Shrimp marinated in Sofrito and Lime
Edemame
Potatoes
Fresh Mint Leaves
Fresh Pineapple and Banana
Sometimes knowing your audience determines your technique. My son and I love watching movies while we snack. This is where it gets fun! Since I made the seafood in creole sauces this weekend, I decided to fry it for some texture and crunch.
Since I had the fresh shrimp marinating in Sofrito and Lime juice, I took out all of the ingredients that I would need...
The Sofrito-Lime Marinade goes deep into the shrimp. This is especially perfect for frying because normally the breading can easily overpower shrimp. With this marinade, you have a deep fresh garlic and herbal flavor in every bite.
I made an egg wash with 1/4 cup of heavy cream and 2 eggs. The heavy cream and egg wash help bind the breadcrumbs nicely, and don't fall apart when frying.
Then I mixed 50/50 Panko bread crumbs with course corn meal. I love the color and texture that corn meal provides, and I find that it stands up to frying nicely.
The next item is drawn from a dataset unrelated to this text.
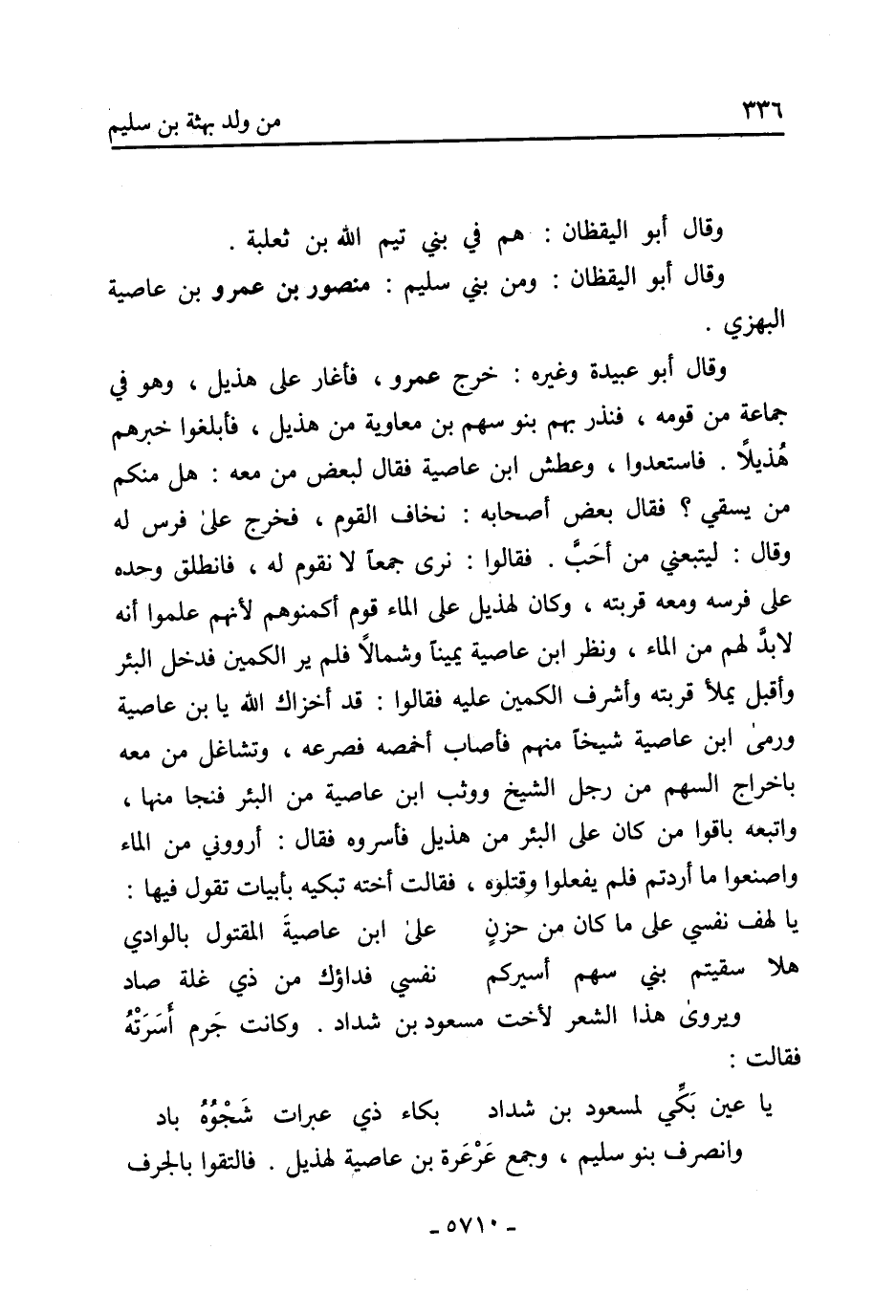 وقَالَ أَبُو عبيدة وغيره: خرج عمرو، فأغار عَلَى هذيل، وهو فِي جماعة من قومه، فنذر بهم بنو سهم بْن معاوية بن هذيل، فأبلغوا خبرهم هذيلا. فاستعدوا، وعطش ابن عاصية فَقَالَ لبعض من معه: هَلْ منكم من يسقي؟ فَقَالَ بعض أصحابه: نخاف القوم، فخرج عَلَى فرس لَهُ وقَالَ: ليتبعني من أحَبَّ. فقالوا: نرى جمعًا لا نقوم لَهُ، فانطلق وحده عَلَى فرسه ومعه قربته، وكان لهذيل عَلَى الماء قوم أكمنوهم لأنهم علموا أنه لا بدّ لهم من الماء، ونظر ابْنُ عاصية يمينا وشمالا فلم ير الكمين فدخل البئر وأقبل يملأ قربته وأشرف الكمين عليه فقالوا: قد أخزاك الله يابن عاصية ورمى ابن عاصية شيخًا منهم فأصاب أخمصه فصرعه، وتشاغل من معه بإخراج السهم من رَجُل الشَّيْخ ووثب ابن عاصية من البئر فنجا مِنْها، واتبعه باقوا من كَانَ عَلَى البئر من هذيل فأسروه فَقَالَ: أرووني من الماء واصنعوا ما أردتم فلم يفعلوا وقتلوه، فقالت أخته تبكيه بأبيات تَقُولُ فيها:

For the sides, I'm going to quickly slice some potatoes in the food processor with the 'slicer' blade and then throw in the deep fryer, and finish with some seal salt. Fish & Chips, Caribbean-style, when served with a side of garlic-mojito dressing!
While I do that, I'm going to steam some Edemame in the microwave with about a cup of water that I'll drain after 10 minutes.
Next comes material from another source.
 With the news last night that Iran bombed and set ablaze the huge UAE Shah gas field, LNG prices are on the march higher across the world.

Once the Edemame is ready, we sprinkle these with some sea-salt.
Now, we're ready to fry the shrimp, since our side dishes are ready. This will only take a couple of minutes until golden. Remember, seafood cooks much quicker than most meats. If overcooked, it can entirely ruin a dish. Seafood should be watched closely so that you can achieve the perfect color and texture.
After the shrimp is done, I set it on a plate lined with paper towels in order to absorb the excess oil. I sprinkle with salt and pepper and then move on to serving dish, where I garnish with fresh-grated Parmesan cheese.
Now what to do with the left over mint leaves? I decide to boil some water. Easy, right?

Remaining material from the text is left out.